═════ SOURCE DATA ═════

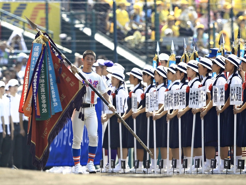 The captain of Hanasaki Tokuharu High School's baseball team carries the flag of the National High School Baseball Championship on Sunday during the opening ceremony of the 100th championship at Koshien Stadium in Nishinomiya, Hyogo Prefecture. The ceremony was attended by Crown Prince Naruhito and Crown Princess Masako, and saw a record 56 schools march into the stadium. Hanasaki Tokuharu, located in Saitama Prefecture, won the championship last year.
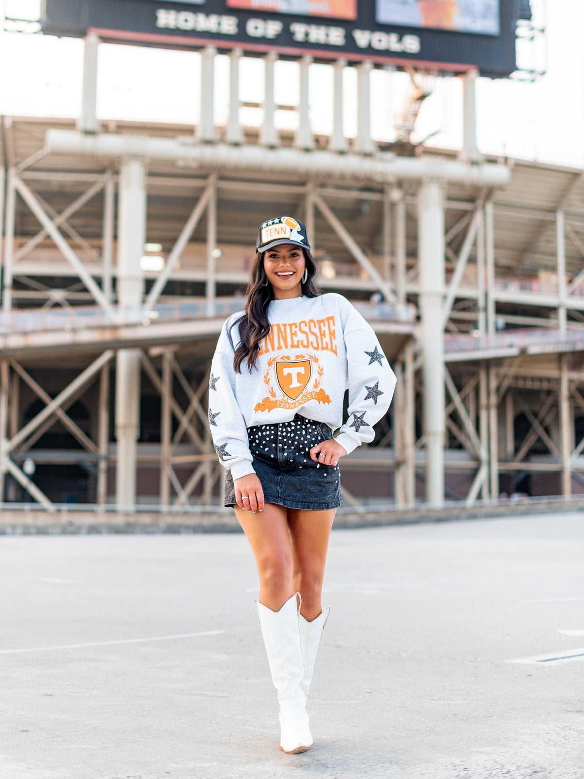 Be the ultimate Tennessee fan with our All-Star Embellished Sleeve Crewneck Pullover! A quirky and playful way to show your team pride, this pullover features unique embellished sleeves and a cozy crewneck design. Perfect for game day or any casual outing, make a statement with this one-of-a-kind piece. Go Vols!
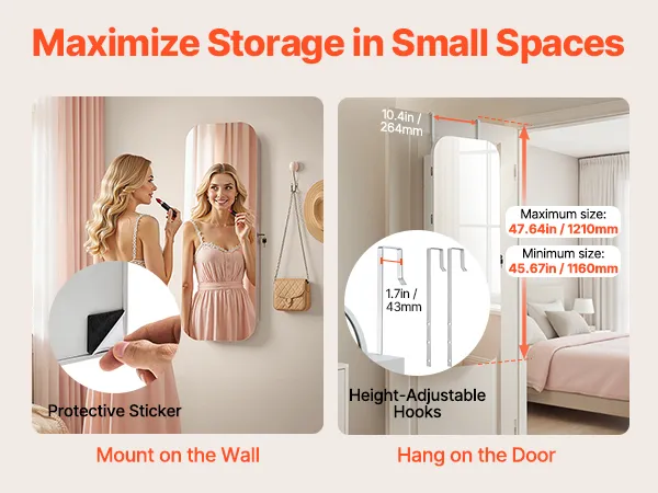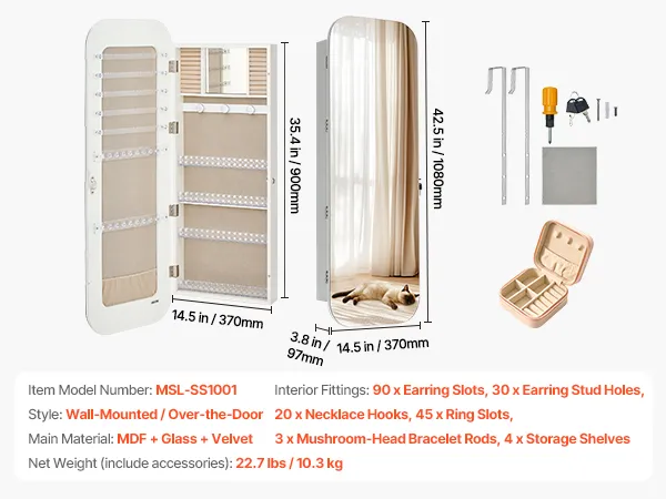 Flexible Montage & Sicherheit: Hängen Sie den Spiegel an einen Türrahmen oder befestigen Sie ihn mit den mitgelieferten Beschlägen an einer stabilen Wand. Dieser Spiegel mit Schmuckaufbewahrung wird mit zwei Schlüsseln geliefert, um Wertsachen sicher aufzubewahren und gleichzeitig Platz zu sparen. Einfache Montage dank klarer Anleitung
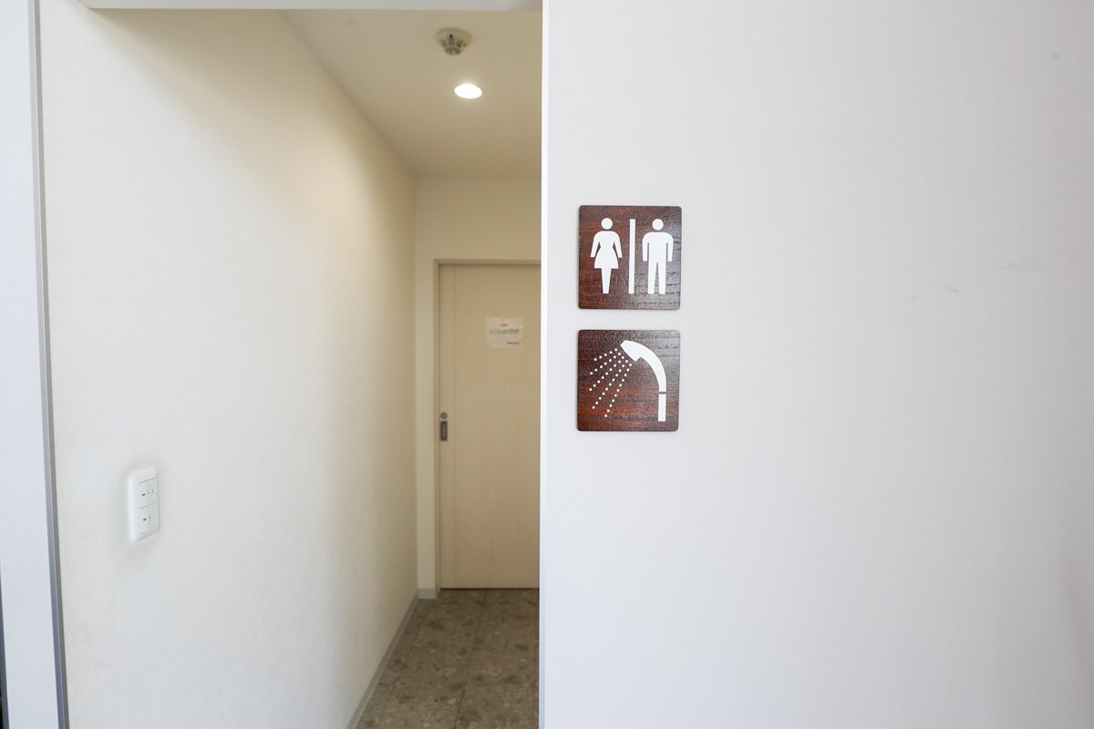 店内の右奥にはソファーが設置されたコーナーがあり、ウェアやシューズ、サングラスなどをゆったり選ぶことができるほか、休憩スペースにもなっている。そしてフィッティングルームにも大きくスペースが取られ、奥には商談室も設けられた。それらは別室となり、仕切りが設けられることでプライベートが保たれる空間となる。

═════

Leave out the pictures and output the rest of the material exactly as written.

**PROBLEM SOLUTION:**
 The captain of Hanasaki Tokuharu High School's baseball team carries the flag of the National High School Baseball Championship on Sunday during the opening ceremony of the 100th championship at Koshien Stadium in Nishinomiya, Hyogo Prefecture. The ceremony was attended by Crown Prince Naruhito and Crown Princess Masako, and saw a record 56 schools march into the stadium. Hanasaki Tokuharu, located in Saitama Prefecture, won the championship last year.
 Be the ultimate Tennessee fan with our All-Star Embellished Sleeve Crewneck Pullover! A quirky and playful way to show your team pride, this pullover features unique embellished sleeves and a cozy crewneck design. Perfect for game day or any casual outing, make a statement with this one-of-a-kind piece. Go Vols!
 Flexible Montage & Sicherheit: Hängen Sie den Spiegel an einen Türrahmen oder befestigen Sie ihn mit den mitgelieferten Beschlägen an einer stabilen Wand. Dieser Spiegel mit Schmuckaufbewahrung wird mit zwei Schlüsseln geliefert, um Wertsachen sicher aufzubewahren und gleichzeitig Platz zu sparen. Einfache Montage dank klarer Anleitung
 店内の右奥にはソファーが設置されたコーナーがあり、ウェアやシューズ、サングラスなどをゆったり選ぶことができるほか、休憩スペースにもなっている。そしてフィッティングルームにも大きくスペースが取られ、奥には商談室も設けられた。それらは別室となり、仕切りが設けられることでプライベートが保たれる空間となる。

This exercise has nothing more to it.